We then back-propagate the gradient of this loss to update $\theta$ using e.g. Adam.
Text Generation
Once the model is trained, generation is straightforward once the user will provide a prompt of length $n_{\text{prompt}}$.
- If $n_{\text{prompt}} > T$ then we simply crop the string and grab the final $T$ characters of that string, otherwise we leave it unchanged.
- This (potentially truncated) string will be tokenized, reshaped to have shape $$ (1, \text{min}(n_{\text{prompt}}, T), ) $$
- This will be fed through the network to obtain logit vectors $\boldsymbol{\ell}_1, \ldots, \boldsymbol{\ell}_{n_{\text{prompt}}}$. We are only interested in generating text that follows the user-provided prompt, so really we are only interested in $\boldsymbol{\ell}_{n_{\text{prompt}}}$ as this contains the un-normalised log-probabilities for the index of the next token.
- We now simply compute the normalized probabilities over the token indices and sample a new token index $$ s_{n_{\text{prompt}}+1} \sim \text{Categorical}(\text{softmax}(\boldsymbol{\ell}_{n_{\text{prompt}}})). $$ We then use this token index to grab the corresponding token $\mathbf{t}_{s_{n_{\text{prompt}}+1}}$ which we append to the (potentially cropped) user prompt and repeat from step 1.
Content of the course
In the rest of the course, I aim to cover:
- Tokenizers: How to map text to indices?

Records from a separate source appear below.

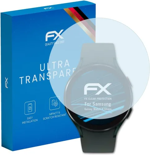 Película protectora FX-Clear: ultra transparente y con revestimiento duro, ajuste perfecto y compatible con Samsung Galaxy Watch 4 (1.732 in) Esta película de protección de pantalla transparente es casi invisible Con una dureza de lápiz de 6 H a 17.64 oz de presión de escritura, muy resistente a los arañazos - Película protectora de revestimiento duro extremadamente resistente a los arañazos, compatible con Samsung Galaxy Watch 4 (1.732 in) Los materiales sintéticos multicapa duraderos de la película proporcionan una protección mecánica duradera para pantallas contra todo tipo de daños. El protector de pantalla es excepcionalmente robusto, duradero y está diseñado para un uso continuo Accesorio@FoliX – Fabricado en Alemania *** Muy fácil de aplicar de la película protectora. Adhesión 100% sin burbujas a una pantalla limpia, la capa adhesiva especial de silicona expulsa el aire cuando se aplica la película, asegurando que se adhiere perfectamente a la pantalla
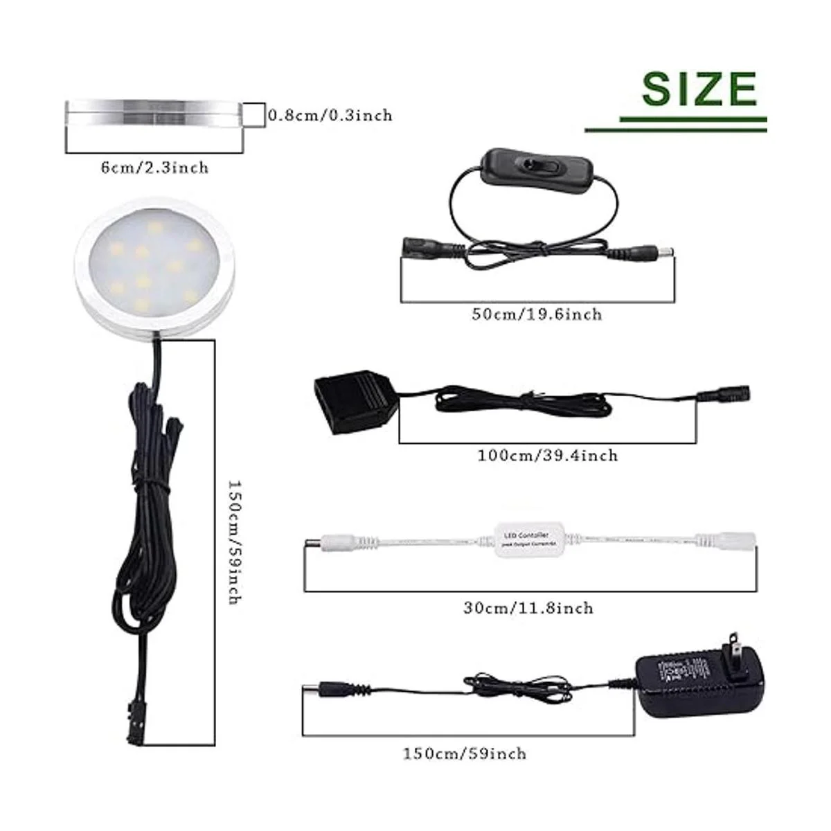 Perfil bajo e invisible: la dimensión de la luz de disco delgada es: Diámetro: 2.3 pulgadas, grosor: 0.31 pulgadas. Si necesitas luces adicionales, cómpralas por el ASIN: B07PRDZ731.
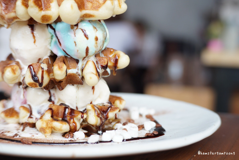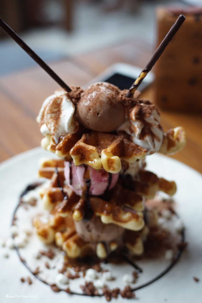 ต่อด้วย ของหวานชุดใหญ่ เขาว่าร้านนี้ต้องลองเจ้านี้เลย Timber Tower ผลที่ได้ ชอบมากกกก วาฟเฟิลอร่อย แม้จะไอติมจะละลายแล้ว แต่วาฟเฟิลยังกรอบ ติดใจมาก ไปกัน 3 คนไม่เหลือ งานนี้นับแคลอรี่ไม่ถูกเลย
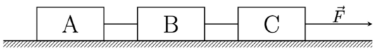 Tri tijela, A, B i C, jednakih masa $m$ na horizontalnoj podlozi povezana su nerastezljivim nitima zanemarivih masa kao što je prikazano na slici. Tijelo $\mathbf{C}$ povlači se stalnom silom $F$ koja sva tri tijela jednoliko ubrzava. Trenje između svih tijela i podloge je zanemarivo.
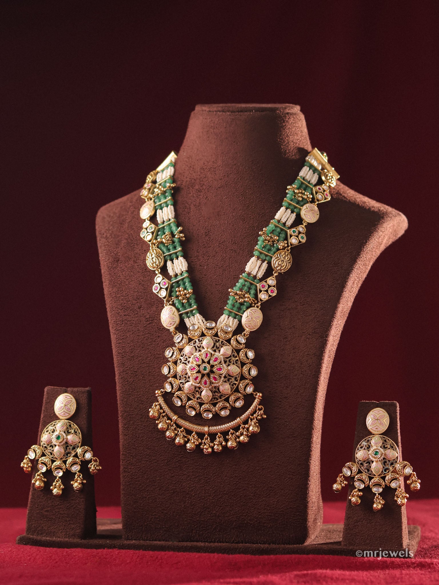 Sabyasachi inspired multi carved stone Cocktail necklace set
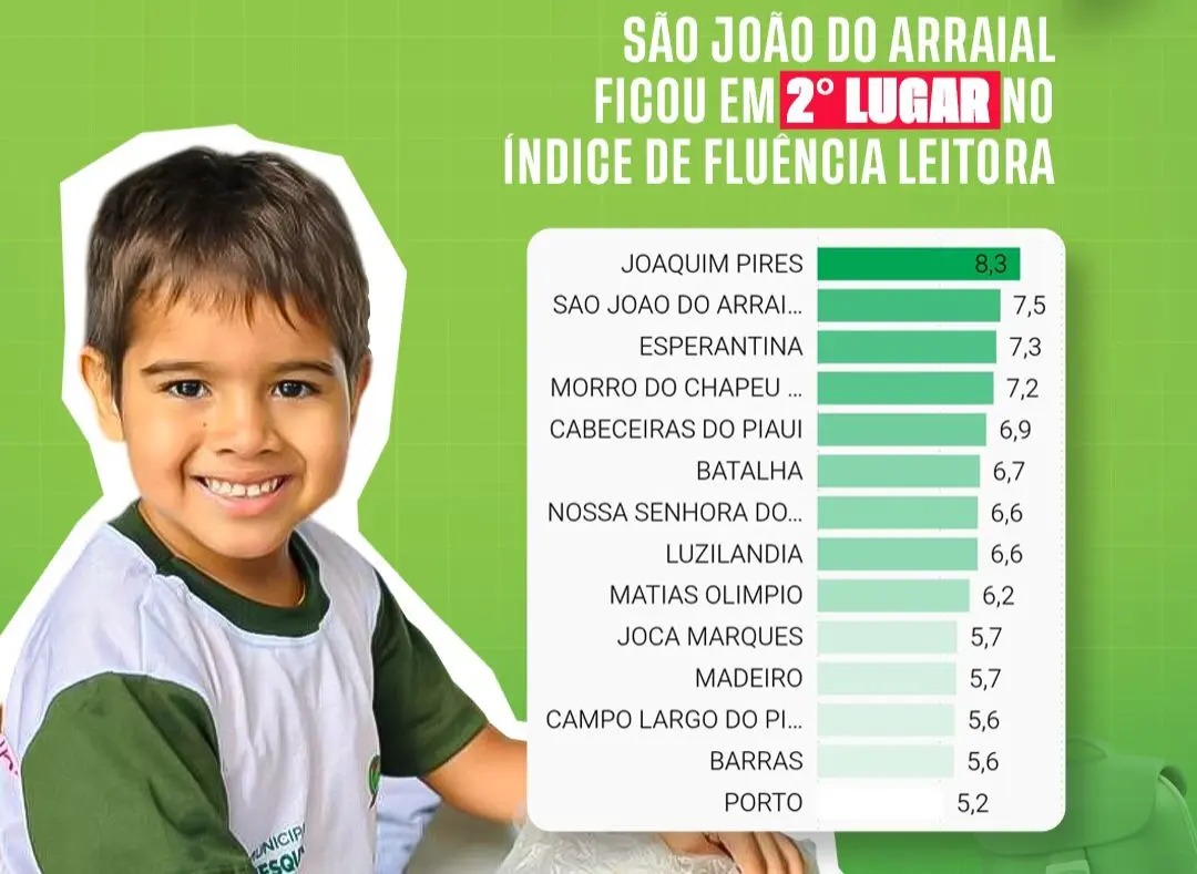 Ações de acompanhamento pedagógico e valorização profissional impulsionam resultadosO município de São João do Arraial alcançou a segunda colocação no Índice de Fluência Leitora do Território dos Cocais, registrando a nota 7,5. O resultado representa um avanço significativo em relação a 2024, quando o índice foi de 6,9, confirmando a evolução consistente da educação municipal.
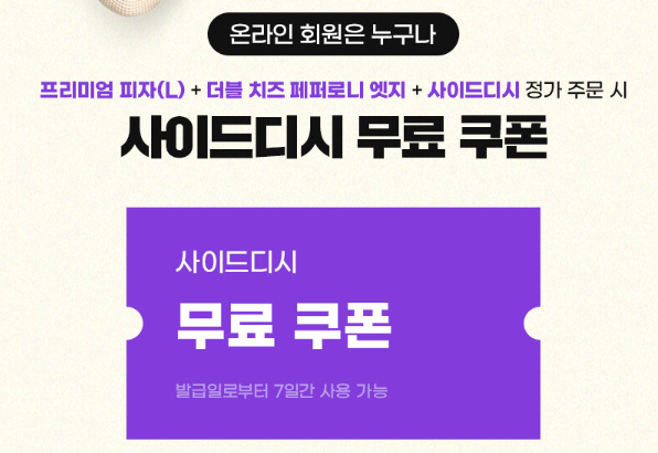 사이드 디시 무료 쿠폰(발급일로부터 7일간 사용 가능)
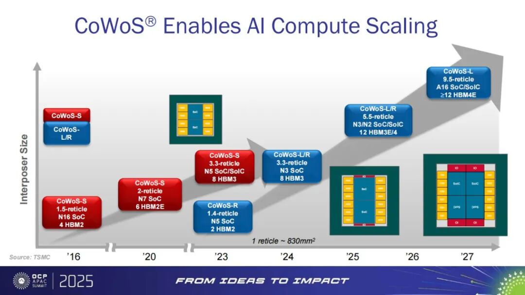 CoWoS® 的核心升级方向是 “中介层尺寸扩展” 与 “先进制程兼容”,以匹配 AI 芯片的算力增长:
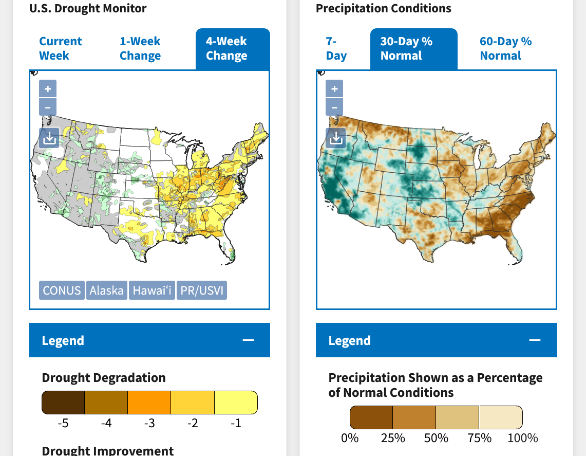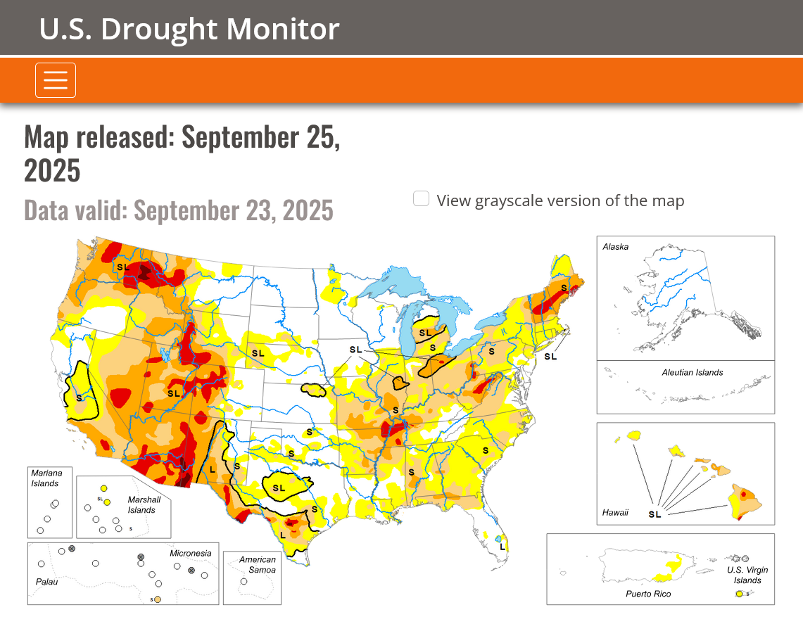Thru 8-31-25: FLASH DROUGHT in the driest areas!!! This IS reducing yields ab it, especially for beans that are still filling pods and are impacted by soil moisture.
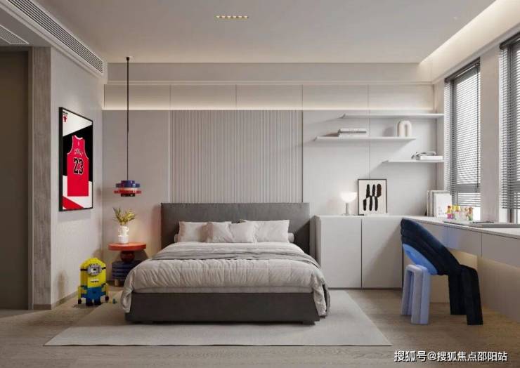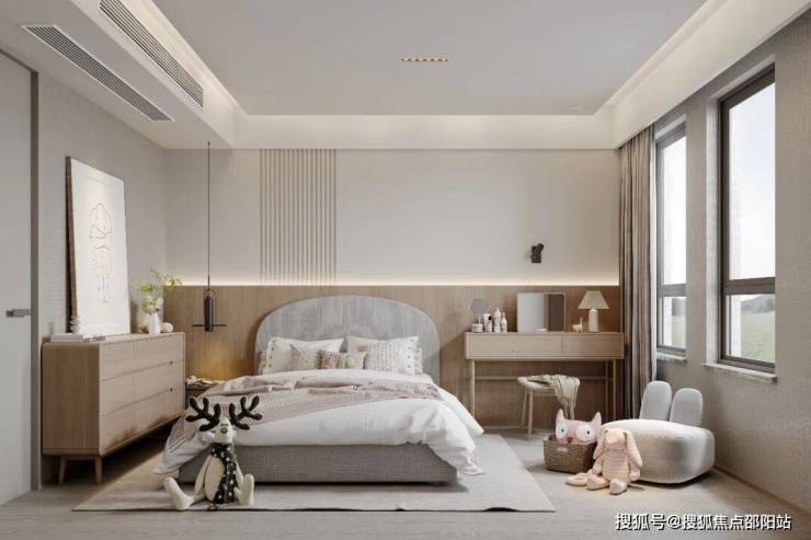 主卧如静泊的港湾,岛屿般的大床、柔和的灯光与触手可及的闲适角落,为日常提供安稳的靠岸。男孩房里,卡通模型悄然陈列,书桌临窗,仿佛装下了整个世界的探索欲;女孩房则被毛绒伙伴与柔和色调包裹,小梳妆台映照着细腻的成长心事。三个房间,以现代笔触铺开同一种温暖基底,守护每份睡眠,也默默尊重着每一个不同的梦。
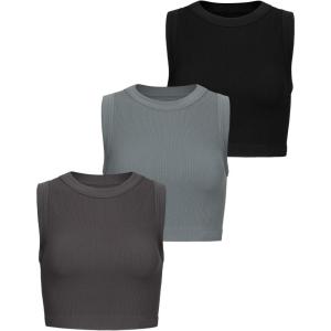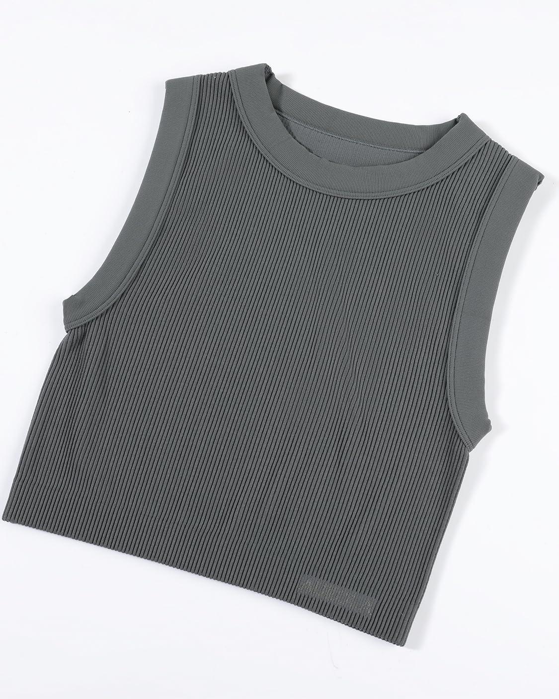 AUROLA Essentials Rib Seamless Sleeveless Tank for Women Subtle Logo Round Neck Active Workout Crop Tops(Pack (Black+steel Grey+bracken Brown))
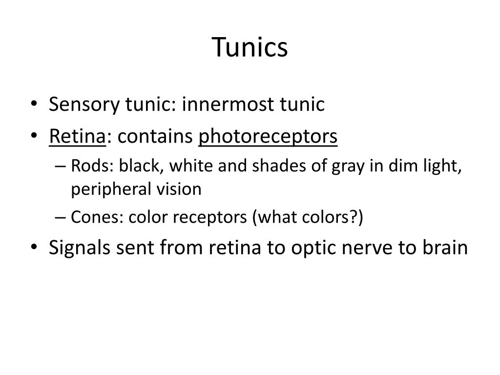 Tunics • Sensory tunic: innermost tunic • Retina: contains photoreceptors • Rods: black, white and shades of gray in dim light, peripheral vision • Cones: color receptors (what colors?) • Signals sent from retina to optic nerve to brain
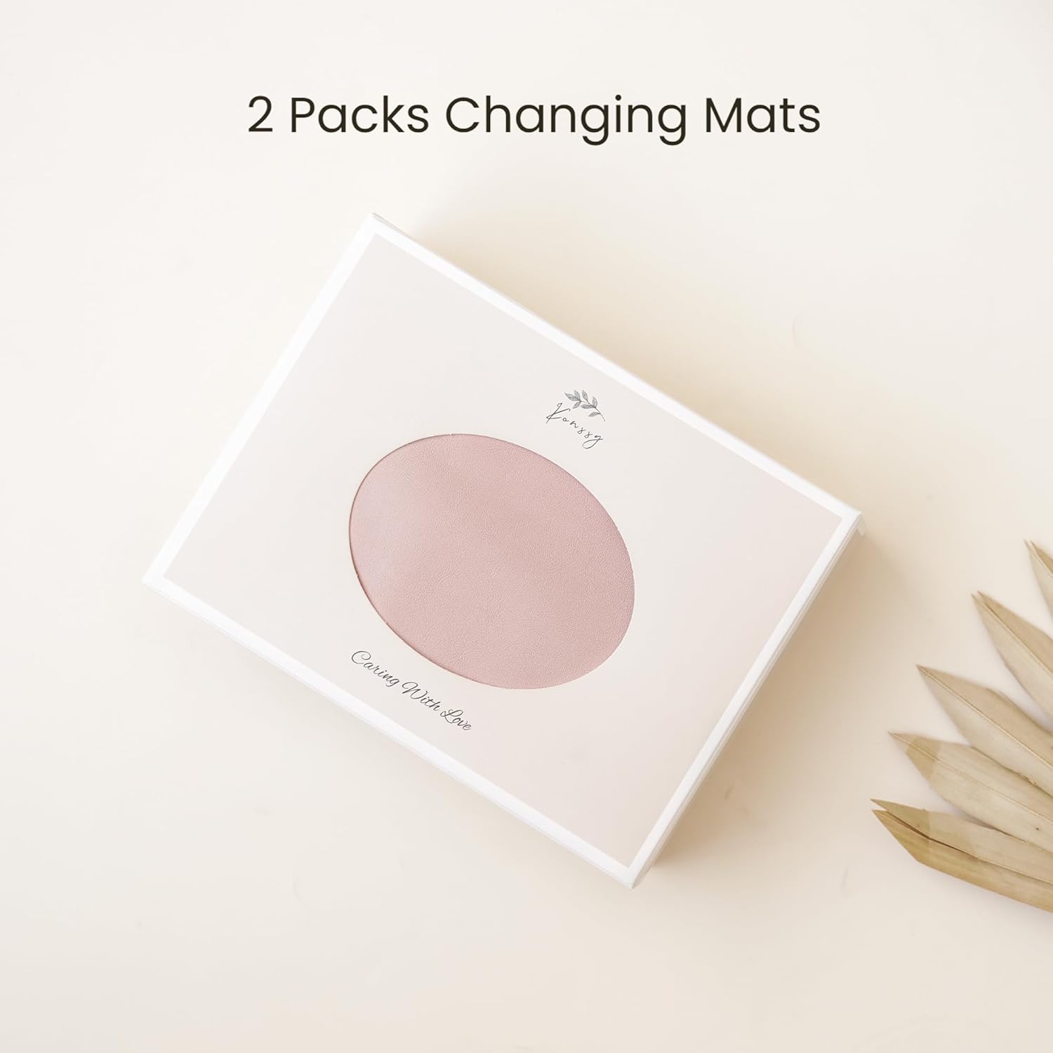 Konssy Faux Leather Baby Changing Mat 2 Pack, Waterproof, Wipeable & Portable Diaper Changing Pad for Travel or Home, Foldable Mat Fits Perfectly in Diaper Bag, 30 x 17 inches (Blush,Beige)
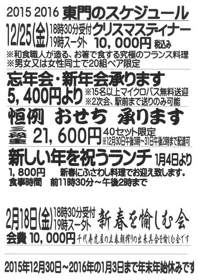 年末年始の営業状況についてお知らせいたします。 2015年12月30日〜2016年1月3日の間は、お休みをさせていただきます。 恐れ入りますがご了承くださいませ。 |
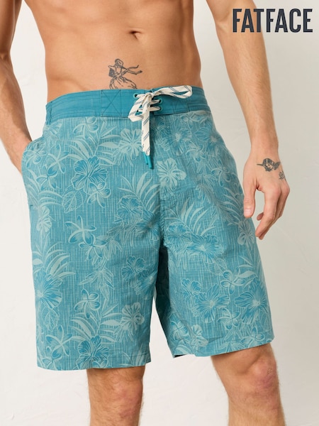 FatFace Camber Teal Blue Bamboo Print Swim Shorts
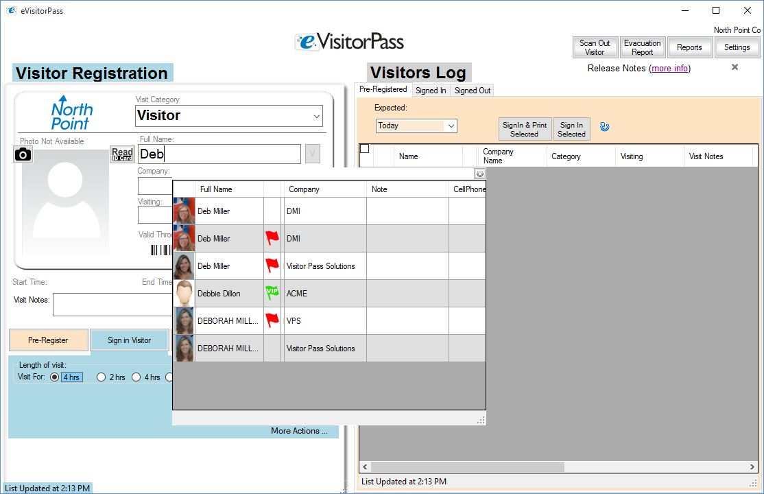 If you select one of them, the name and any saved visitor information will populate on the screen.
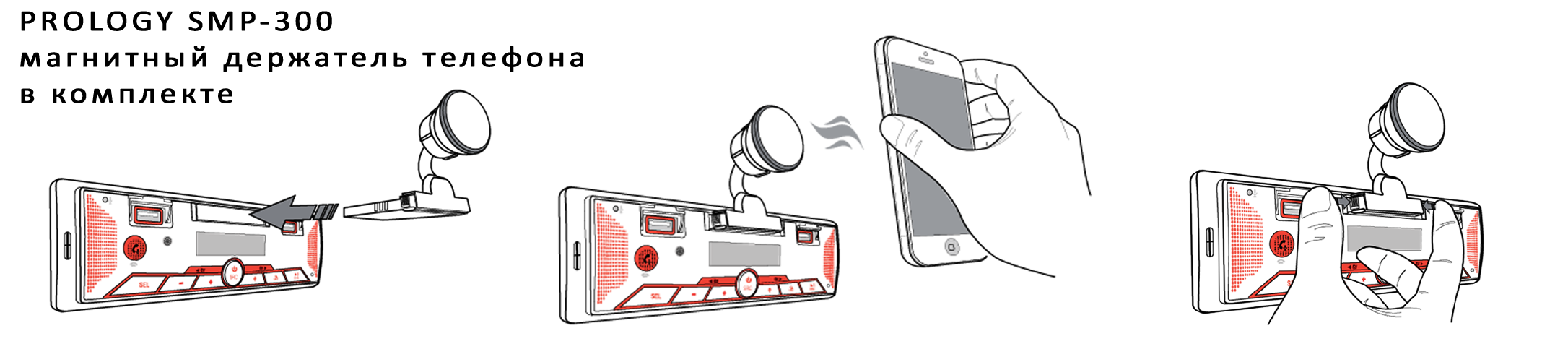 Модель Prology SMP-300 появилась недавно и стоит недорого – 3990 рублей. Устанавливается в стандартное место 1DIN, и с ним не нужно искать отдельное место для смартфона – держатель предусмотрен прямо на передней панели.
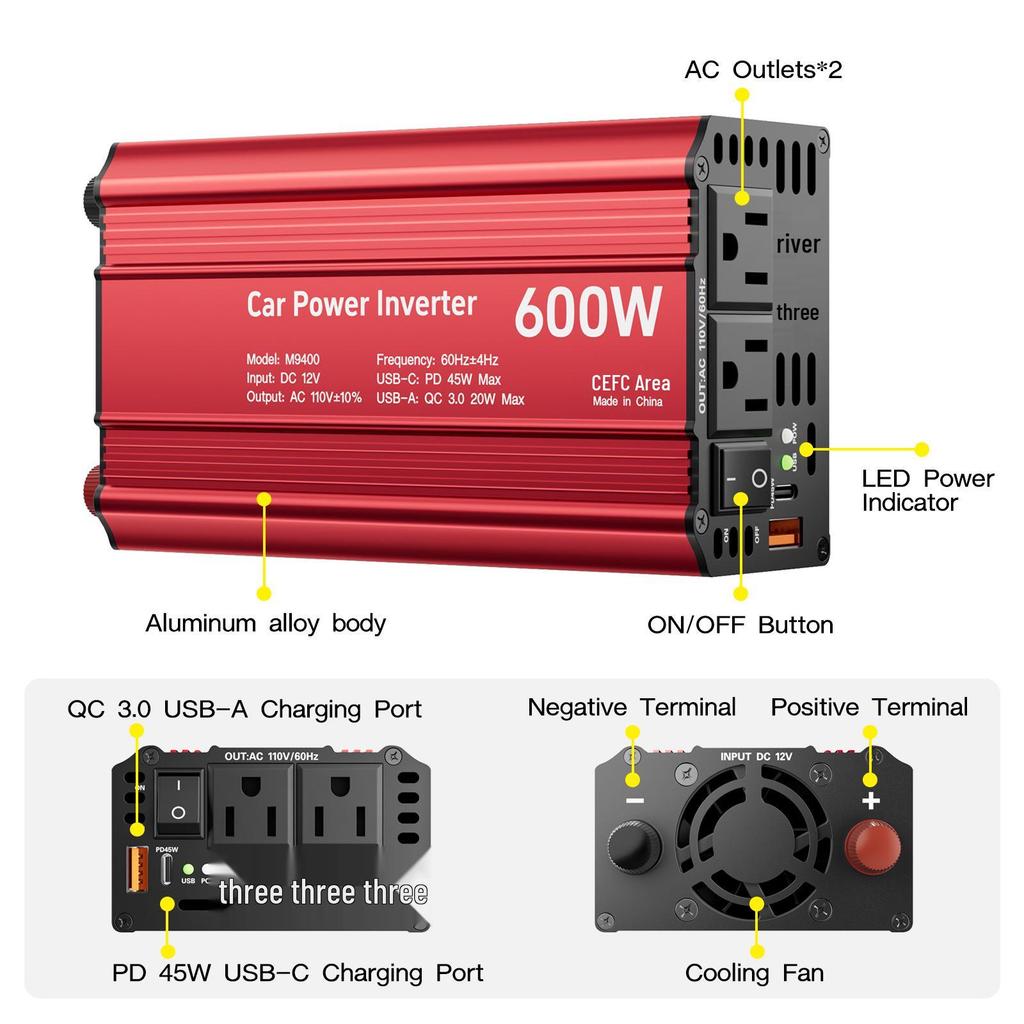 Инвертор 600 Вт с модифицированной синусоидой, быстрая зарядка PD45W, преобразователь питания 12 В в 110 В с QC3.0

- Embeddings: How do we map token indices $s_t$ to their embedding $\mathbf{e}_s$?
- Positional Encoding: How do we encode positional information into the embeddings?
- LLM structure: What’s the inner structure of an LLM and what design options do we have?
- Unsupervised Pre-Training: How do we teach the model to sample sensible token indices?
- Supervised Fine-Tuning: After pre-training how do we specialize our LLM to our task?
- Alignment: After fine-tuning, how do we make sure that the LLM’s output is not harmful?